C’est ahurissant de constater que l’essence meme de la distribution mediatique de ce sport ait aussi peu de reconnaissance. Je suis dans le meme domaine, et chaque jour je dois repondre a des demandes charitables de tv and web qui veulent nos images mais n’ont pas de budget. Ils parlent d’echange donnant un credit a la fin du clip ou sur les images lors de la diffusion. Cet usage est illimite et peut etre revendu et modifie, sans royalty. Et pour faire les choses bien, nous sommes dans l’obligation de certifier que nous avons tous les droits sur les images et ne bafouons pas les droits d’une tierce personne! sous peine de poursuite judiciare. Si seulement un credit payer les factures….

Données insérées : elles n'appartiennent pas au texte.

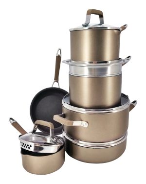 PADERNO Classic Cookware Set, Non-Stick, PFOA-Free, Oven Safe, Champagne Bronze, 12-pc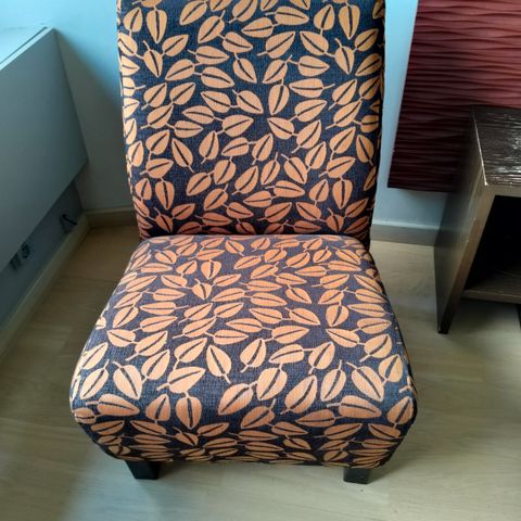 Päällinen vahvaa kangasta. Puinen kehikko ja jalat.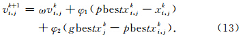 ,φ1=c1r and (),φ2=c2r and (),r and ()是取值范围(0,1)的随机数.赵玉静(2011)将速度更新公式中,从粒子当前位置指向群体最优粒子位置的位移向量用从粒子个体最优位置指向群体最优位置的位移向量来代替,则有新的粒子速度更新公式: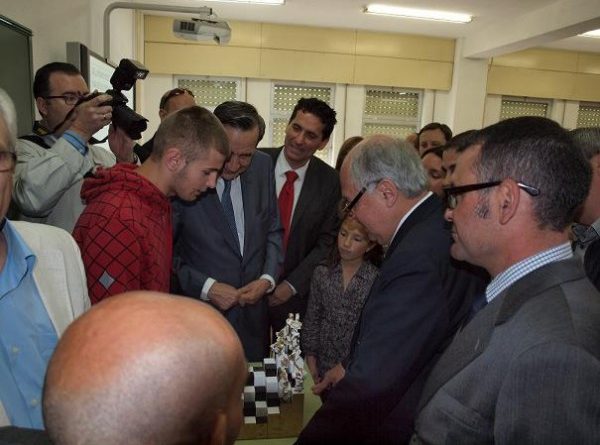 Durante las cuatro horas de permanencia en el centro que lleva su nombre, además de los numerosos estudiantes que en todo momento le arroparon con su cariño, abrazos, besos y admiración, Patarroyo prestó gran atención a una exposición de carteles sobre él dibujados por sus estudiantes y visito una exposición de tableros y fichas de ajedrez, diseñados y realizados por los alumnos del Departamento de Plástica.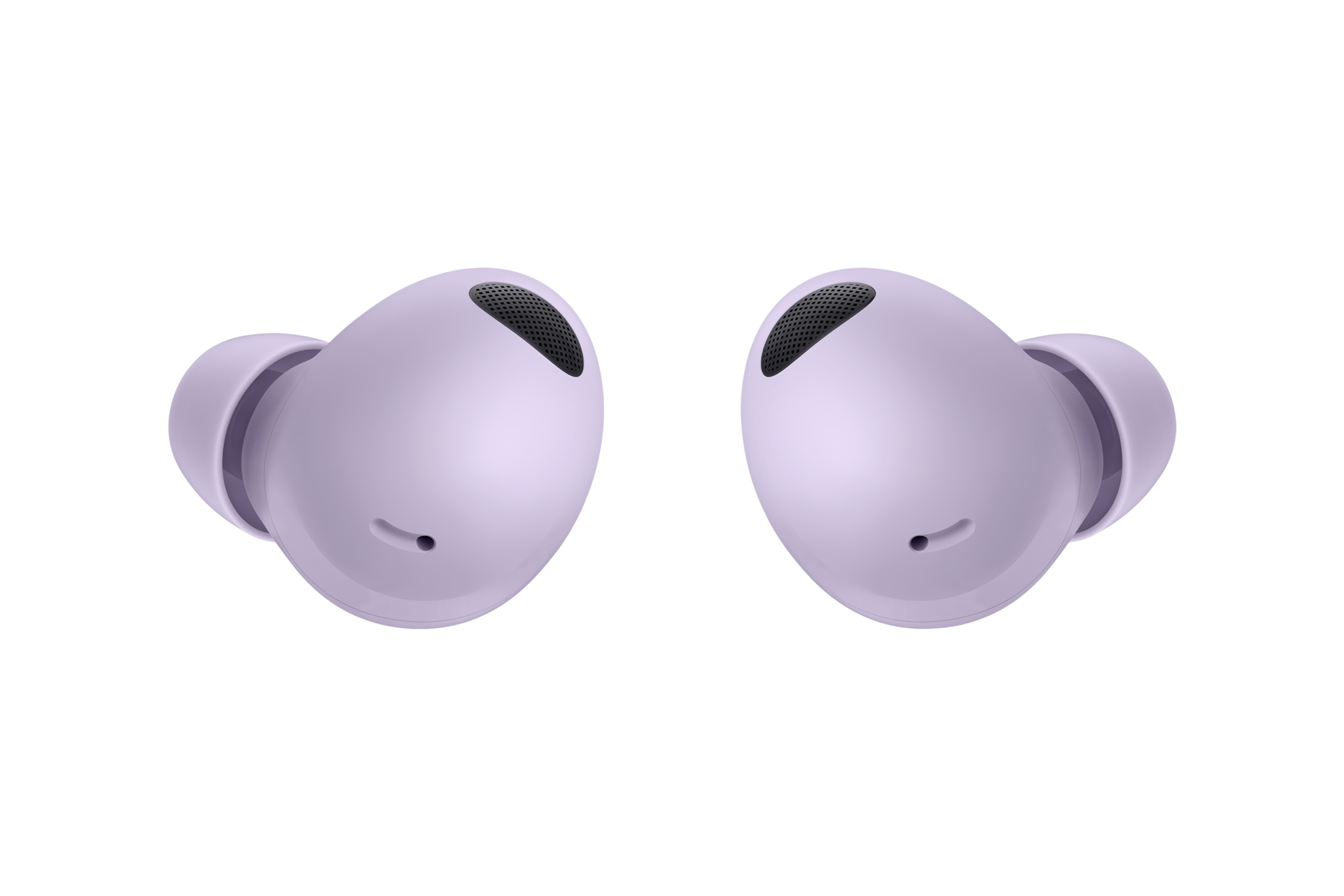 Deux écouteurs Galaxy Buds2 Pro en Bora Purple flottent au milieu de l’écran.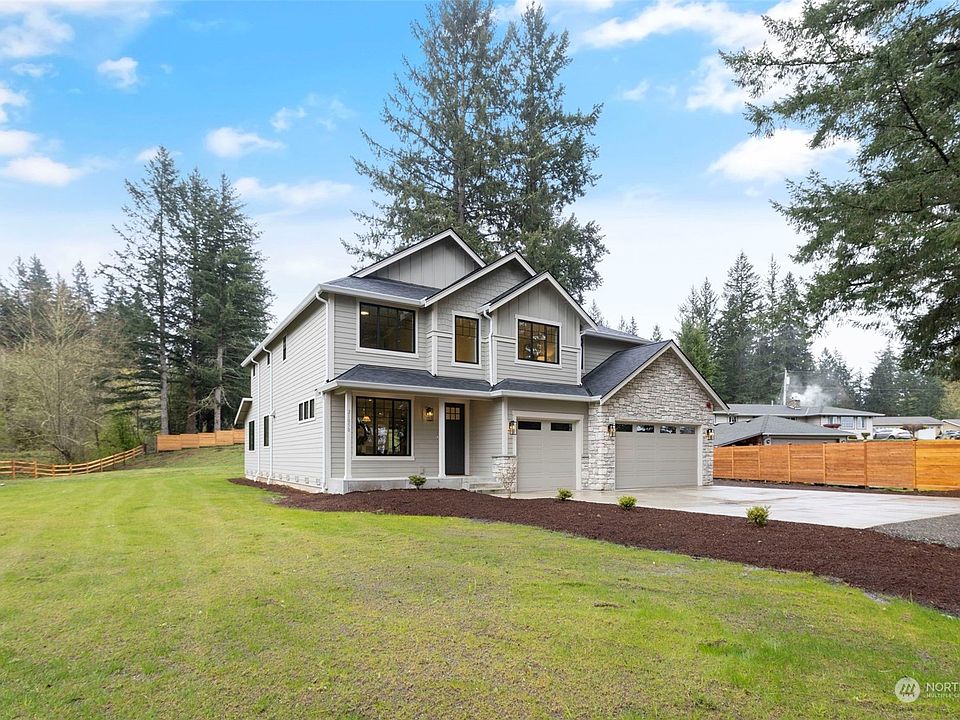Best new construction value in Hobart on an acre and located in the Tahoma School District! Filled with designer upgrades including fixtures, lighting, built-ins, and appliances. Efficient heat pump/AC. The gourmet kitchen w/butler pantry has custom cabinets and a 10' waterfall quartzite island. 5th bedroom on the main floor is perfect as an office or primary/guest suite w/hall bath. Primary suite upstairs w/large walk-in closet and ensuite 5-piece bath w/heated floors, dual vanity and a large soaking tub. Covered outdoor patio with gas FP. Huge 3-car garage with EV charging available. Finished detached heated garage offers ample space for home gym, shop, storing your boat or RV - Total of 1,273 sq ft. Great access to I-405, SR-18, SR-167.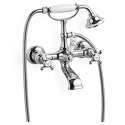 Назначение: ванна+душ • Конструкция: с раздельными клапанами • Монтаж: горизонтальный • Материал: покрытие - хром • Монтажные отверстия: 2 отверстия • Форма излива: традиционная • Душевая лейка в комплекте: есть • Держатель для душевой лейки: на смесителе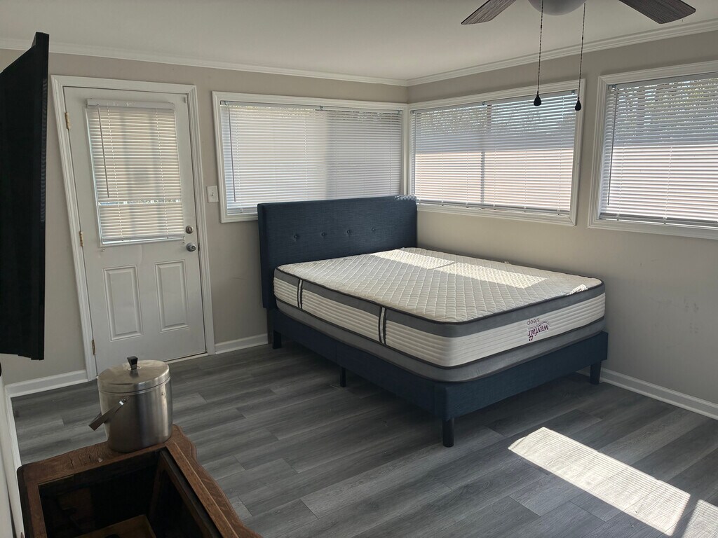 Room for rent: This charming home has received extensive updates. Custom cabinetry in kitchen with with granite countertops, updated bathrooms, gorgeous luxury vinyl plank flooring in main areas, plush carpet in bedrooms, updated vinyl windows providing tons of natural light, a serene sunroom for nice for relaxing, an incredibly large front porch and a large rear backyard ideal for your future oasis. Walkable space under home for additional storage. Perfectly situated close to NCCU with easy access to downtown, local interstate and shopping. Don't walk, run to your new, stylish, and charming home. *Every room comes with a bed, but bedroom furnishings are removable at tenant request Note: Do not visit this property without first contacting us to schedule a tour at the number below.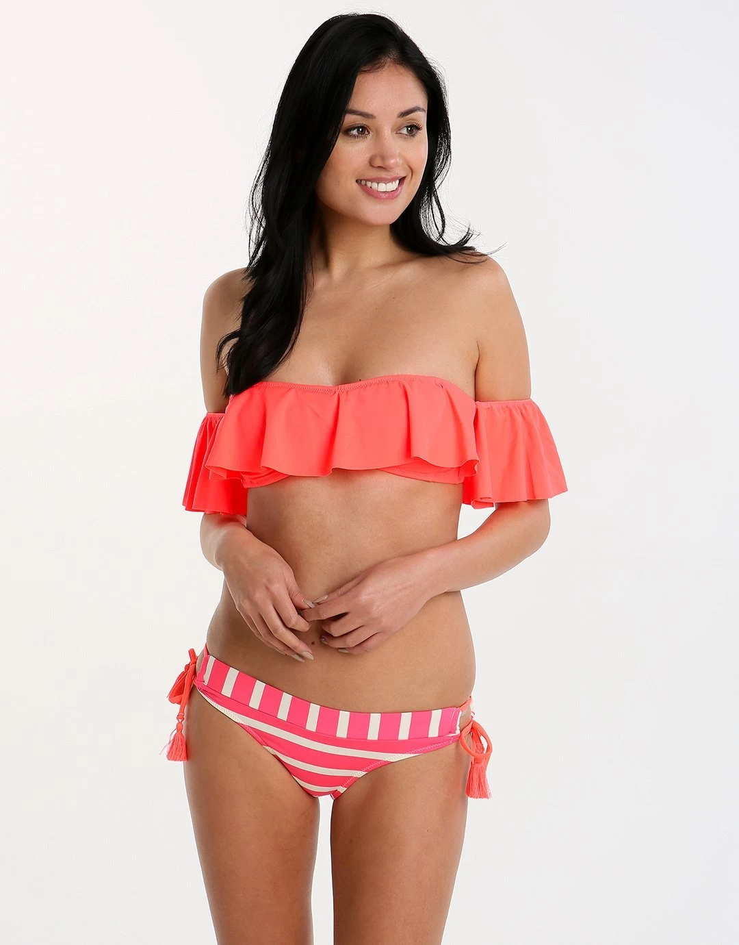 Dare to bare in the Maracas Bay Brazilian Back Loop Tie Pant from Phax. This sexy stripe brazilian bikini pant gives cut away coverage at the rear and is finished with cute tassel trim detail on the side ties.

Je ne cautionne pas non plus les médias qui pas fainéantise ou par manque de volonté veulent juste se servir de photos libres de droit (ce qui en France n’existe pas je le répète) pour alimenter leurs articles.
Il suffit de voir le nombre de médias qui se contentent bêtement de faire des copié collé des dépêche de l’AFP…
Mais ce qui vous arrive c’est la même chose pour les photographes finalement, on leur demande du moins cher voire du gratuit en échange d’un crédit qui de toute manière est obligatoire de par la loi…
Et bientôt on ne pourra plus photographier des personnages publics sans leur autorisation autre que dûment écrite (et si possible manuscrite).
Moi, j’ai une soluce : acheter un 800, monter au haut des falaises qui surplombent les plages et shooter sans rien demander. Bon OK il y a aura une prise en plongée. Tiens d’ailleurs, à partir d’un ULM t’as déjà essayé ?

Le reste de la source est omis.